» TRY IT:
Look below for the line with "허가서) | 상세페이지 참조 |" and the line with "Apparently, the sharp, geometric"; repeat exactly those two lines and all lines between them, but no pictures.

Stored records:
□ □ □ □ □

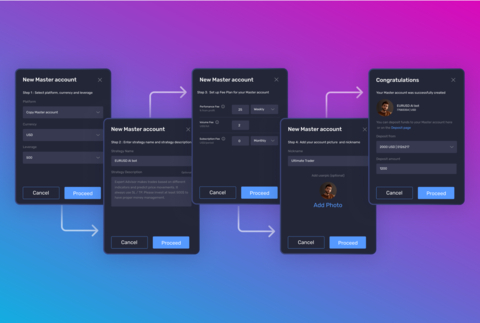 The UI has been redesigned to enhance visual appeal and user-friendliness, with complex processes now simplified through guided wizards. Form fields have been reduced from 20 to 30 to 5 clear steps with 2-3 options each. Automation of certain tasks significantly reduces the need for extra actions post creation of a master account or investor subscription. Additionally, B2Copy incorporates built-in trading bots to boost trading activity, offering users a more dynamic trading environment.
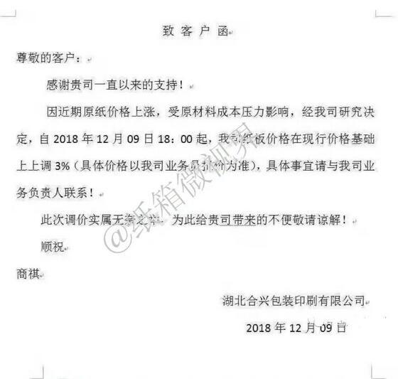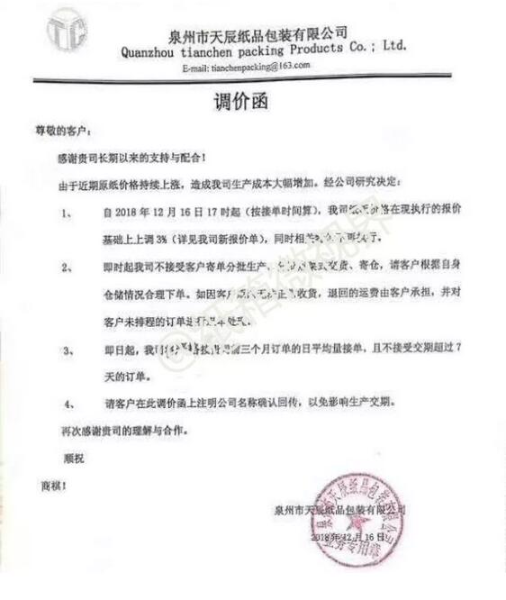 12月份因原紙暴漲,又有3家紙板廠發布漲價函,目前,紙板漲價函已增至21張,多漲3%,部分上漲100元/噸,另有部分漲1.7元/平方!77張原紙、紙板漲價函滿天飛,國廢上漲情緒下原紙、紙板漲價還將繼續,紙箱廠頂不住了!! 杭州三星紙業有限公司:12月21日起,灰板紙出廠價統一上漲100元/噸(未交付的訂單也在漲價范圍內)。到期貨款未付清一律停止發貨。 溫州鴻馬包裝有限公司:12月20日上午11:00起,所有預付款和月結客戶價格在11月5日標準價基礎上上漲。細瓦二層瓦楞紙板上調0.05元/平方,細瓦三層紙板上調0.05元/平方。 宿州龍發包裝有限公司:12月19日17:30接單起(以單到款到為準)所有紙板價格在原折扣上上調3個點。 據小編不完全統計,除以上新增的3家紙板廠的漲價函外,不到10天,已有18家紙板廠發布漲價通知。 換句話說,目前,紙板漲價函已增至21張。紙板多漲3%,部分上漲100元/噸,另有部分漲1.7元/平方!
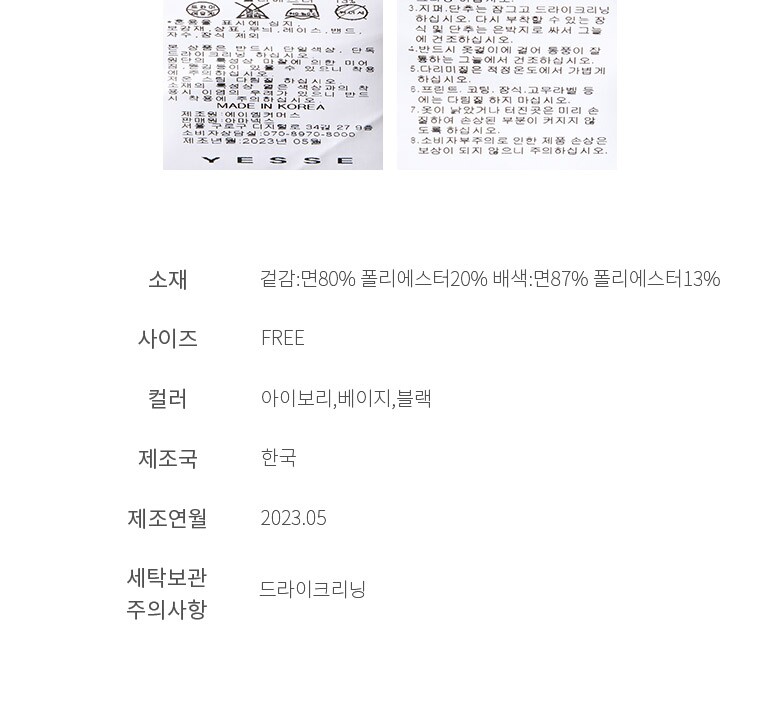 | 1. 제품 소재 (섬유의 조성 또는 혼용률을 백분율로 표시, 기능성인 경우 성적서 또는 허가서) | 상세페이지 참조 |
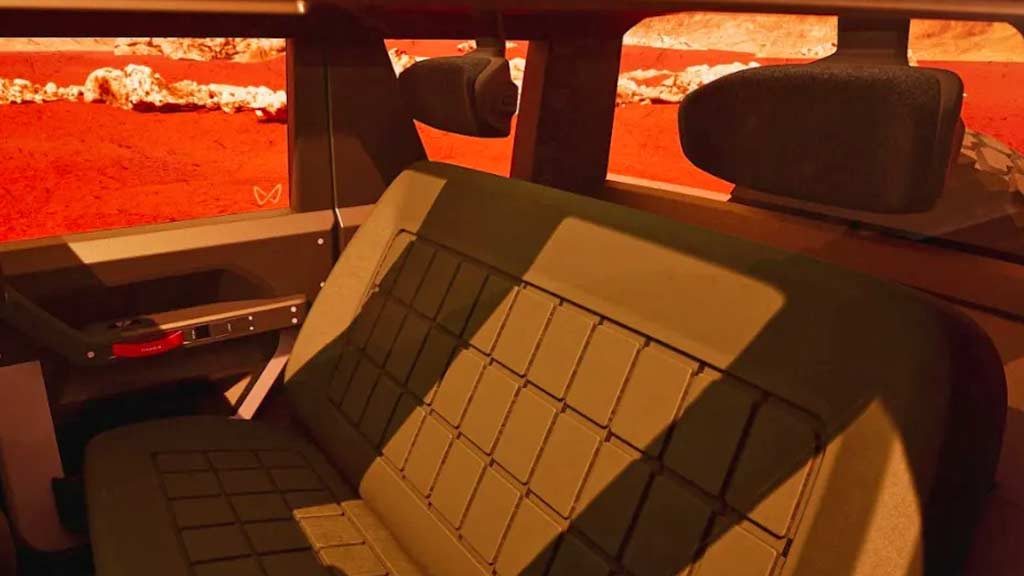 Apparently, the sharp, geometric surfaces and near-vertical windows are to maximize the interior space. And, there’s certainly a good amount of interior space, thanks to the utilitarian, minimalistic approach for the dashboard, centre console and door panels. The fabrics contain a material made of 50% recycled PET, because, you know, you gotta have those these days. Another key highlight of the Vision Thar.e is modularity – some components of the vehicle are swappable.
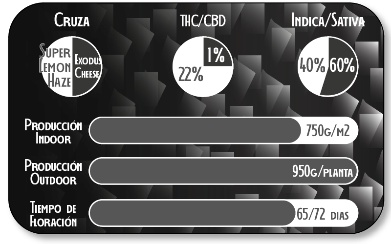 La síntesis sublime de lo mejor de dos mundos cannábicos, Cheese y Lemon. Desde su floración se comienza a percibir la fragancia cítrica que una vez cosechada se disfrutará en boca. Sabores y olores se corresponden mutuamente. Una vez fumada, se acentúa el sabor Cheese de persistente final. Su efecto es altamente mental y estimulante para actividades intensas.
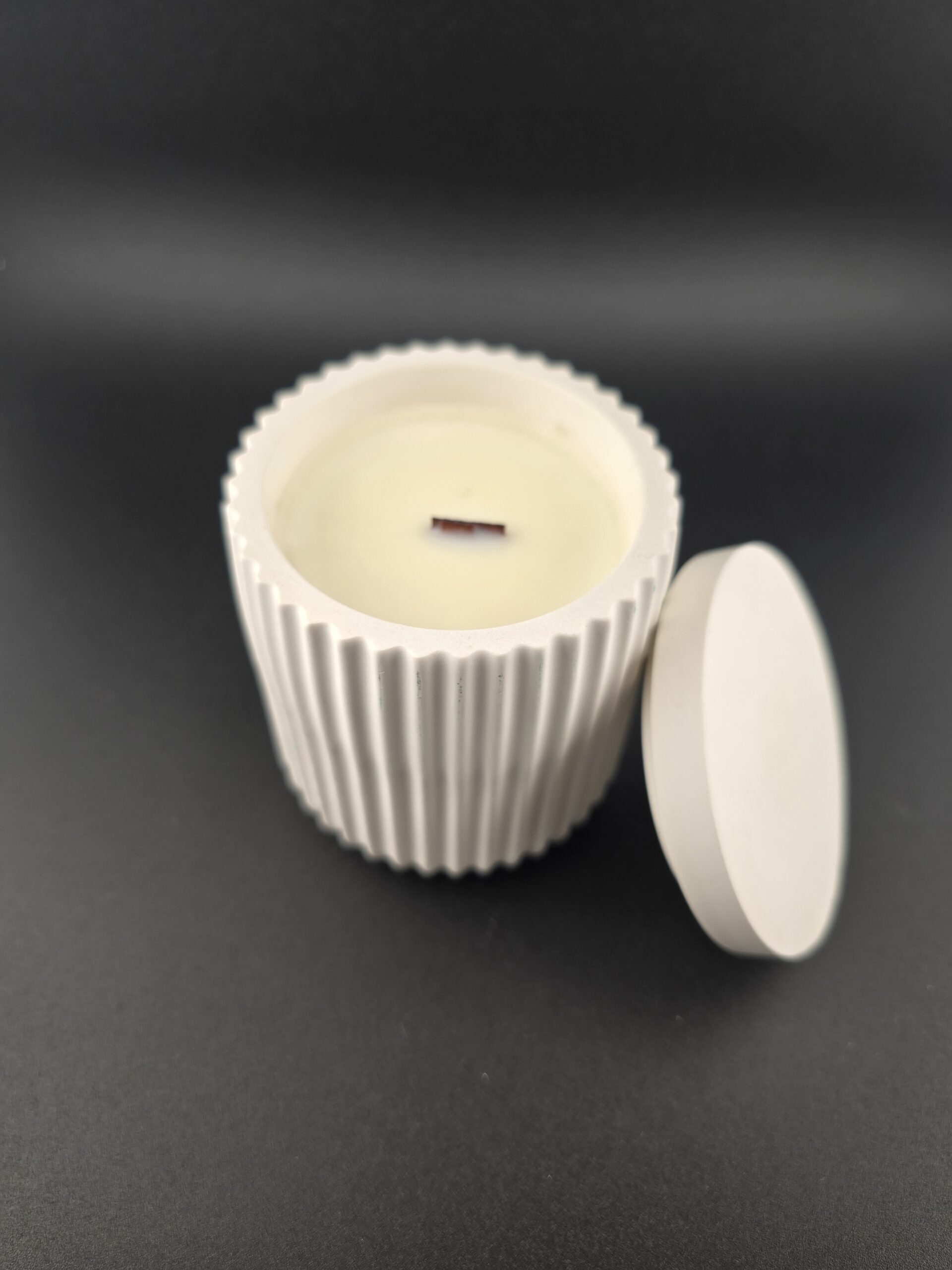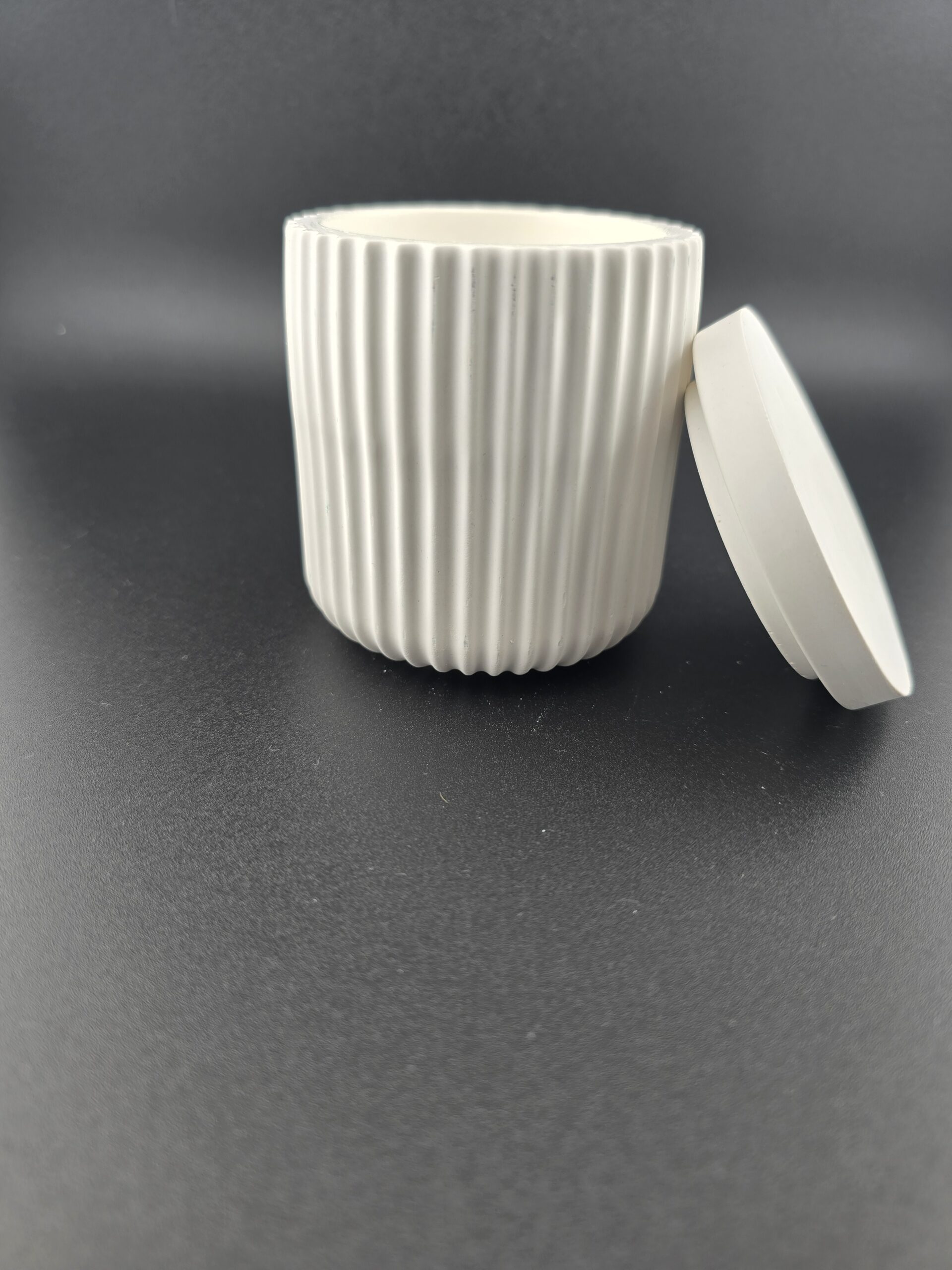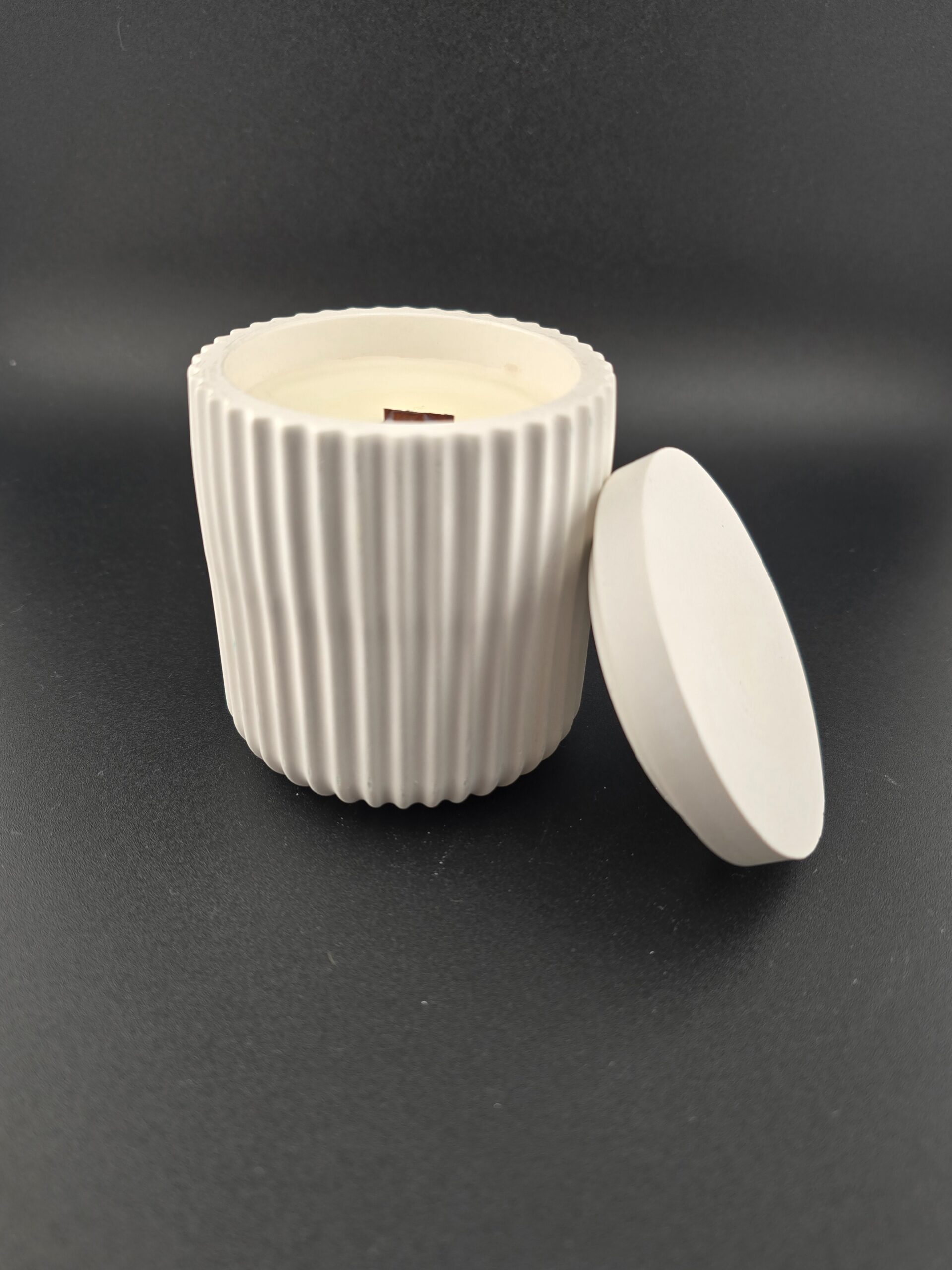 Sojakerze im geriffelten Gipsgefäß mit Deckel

□ □ □ □ □

» EXERCISE RESULT:
 | 1. 제품 소재 (섬유의 조성 또는 혼용률을 백분율로 표시, 기능성인 경우 성적서 또는 허가서) | 상세페이지 참조 |
 Apparently, the sharp, geometric surfaces and near-vertical windows are to maximize the interior space. And, there’s certainly a good amount of interior space, thanks to the utilitarian, minimalistic approach for the dashboard, centre console and door panels. The fabrics contain a material made of 50% recycled PET, because, you know, you gotta have those these days. Another key highlight of the Vision Thar.e is modularity – some components of the vehicle are swappable.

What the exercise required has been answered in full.